Which universities, in your knowledge, have the best psychology and criminal justice studies programs?
I plan to double major with these, so any information regarding those programs would be great!
The cheapest one.
What are your future plans? These are two areas that you need to come out as close to debt free as possible.
Criminal Justice programs often share departments with Sociology, as research in criminology overlaps a lot more with sociology than with psych. (Population-level and social-context factors being far bigger drivers of criminality than individual psychology.) For example: https://sociology.osu.edu/undergraduate-program/explore-sociology
Traditional Criminal Justice major programs can be somewhat professionally limiting unless your goal is to work as a probation officer or similar. To have more upward mobility in law enforcement, FBI/CIA, etc. it’s helpful to have a stronger quantitative skill-set. Take a look, for example, at the Justice Informatics concentration at Drexel http://drexel.edu/coas/academics/undergraduate-programs/criminology-and-justice-studies/ This program also has the advantage of interesting co-op placements. Adding a minor is encouraged/expected, so minoring in psych would be very doable, and maybe double-majoring if you’re motivated and have a lot of AP credits.
@aquapt @Eeyore123 I would like to become a profiler of sorts? So a university that has forensic psychology or criminology would be best, but those colleges are few and far between. I don’t have as much of a passion for sociology as psychology, so is it a bad idea for me to double major in criminal justice and psychology instead of sociology?
As to the AP credits, how many is a lot? My high school doesn’t offer AP Psych unfortunately, so I wouldn’t be able to take it. However, I did take the psychology and sociology classes available to me. At the end of next school year (my senior year) I will have taken six AP credits, all but one that my school offers.
Honestly every school has Psychology…I would look hard at your State Colleges/Universities.
I want to be an FBI “Profiler.” Where do I begin the application process?
The FBI does not have a job called “Profiler.” Supervisory Special Agents assigned to the National Center for the Analysis of Violent Crime (NCAVC) at Quantico, VA, perform the tasks commonly associated with “profiling.” Despite some popular depictions, these FBI Special Agents do not get “vibes” or experience “psychic flashes” while walking around fresh crime scenes. In reality, it is an exciting world of investigation and research — a world of inductive and deductive reasoning, crime-solving experience and knowledge of criminal behavior, facts, and statistical probabilities.
Go on LinkedIn and search on “Supervisory Special Agent Behavioral Analysis Unit-2” and see where people who have this job went to college and what they majored in. Just checking a couple it seemed that they went to State Us and then got a Masters degree.

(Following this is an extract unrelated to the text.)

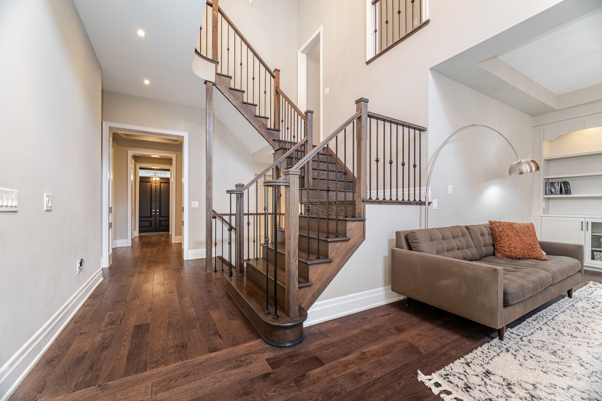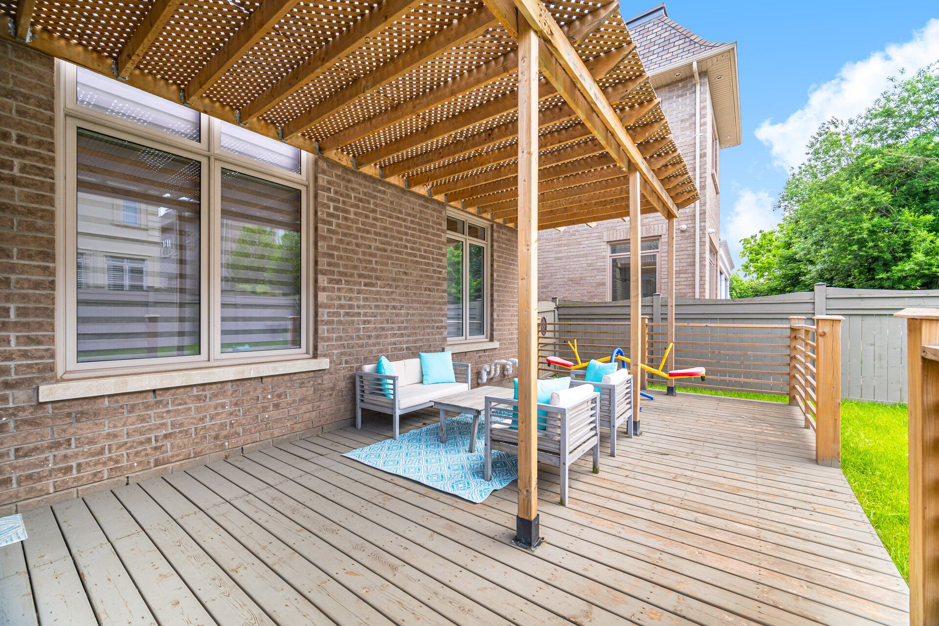 Welcome to the royal oakville club a prestigious enclave by fernbrook homes. Ideally located just mins from vibrant downtown oakville, this exquisite 4-bedroom detached residence offers almost 4,000 square feet of finely curated living space, tailored for the most discerning homeowner. The thoughtfully designed floor plan boasts soaring ceilings throughout, including a dramatic 15-foot ceiling in the great room that brings in an abundance of natural light. Featuring three bathrooms, including a convenient jack and jill on the upper level, the layout balances luxury and functionality. Custom cabinetry can be found throughout the home, paired beautifully with quartzite counters and designer finishes in the kitchen. Elevated details such as curated light fixtures, custom wall treatments, and striking wallpaper accents add layers of sophistication. Upstairs, the primary suite includes a fully customized walk-in closet, and an additional second-floor office area features sleek built-in cabinetry perfect for today's work-from-home needs. Step outside to a beautiful pool-sized backyard, complete with a covered deck, a built-in entertaining area, and a designated bbq/recreation space ideal for summer gatherings. This is a rare opportunity to live in one of oakville's most coveted neighborhoods, in a home that blends timeless elegance with modern luxury. Floor plan attached
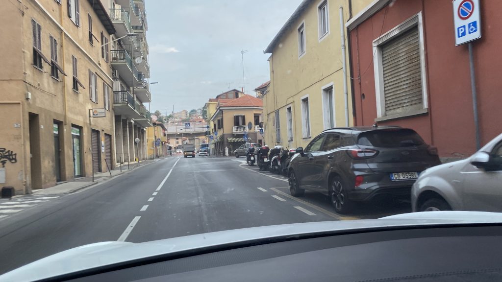 Ich bin früh losgekommen, und hab natürlich die Salami und drei Scheiben Knäckebrot im Kühlschrank im Appartement vergessen. So wird es dann ein yfood Frühstuck am Supercharger Imperia, noch in Italien. Mal sehn wie weit ich heute komme. Um 05:20 konnte ich gut aus Genua herauskommen, fast kein Verkehr, die Autobahnen sind frei. Es gibt hier kaum Baustellen. Aber Brücken und Tunnel. Ich hab fast ein schlechtes Gewissen mit 130 km/h über eine Autobahnbrücke zu fahren. Um kurz vor 07:00 erreiche ich den Supercharger Imperia, auf einem abgesperrten Parkplatz. Tesla Fahrer müssen einen Code eingeben, der auf dem Bildschirm erscheint. Das dauerte einer hinter mir stehenden Italienerin zu lang, sie liess mich mit ihrer Karte auf den Parkplatz.

I have a friend who double majored in these at University of Richmond, and loved her experience.
You can also find these detective positions on elite state police forces and the large city departments. NYC LA etc. schools that educate police such as John jay in nyc. Roger Williams in Rhode Island. Suffolk in Boston. All have majors that would appeal to you.
And state police and high profile urban forces pay much better than the fbi.
And becoming a state trooper in mass Connecticut and Rhode Island is very difficult. And a degree is almost always needed these days to cut through to become a finalist
And the pay is really high relatively speaking. I think in mass dozens make more than the governor. In Rhode Island it’s a very elite position.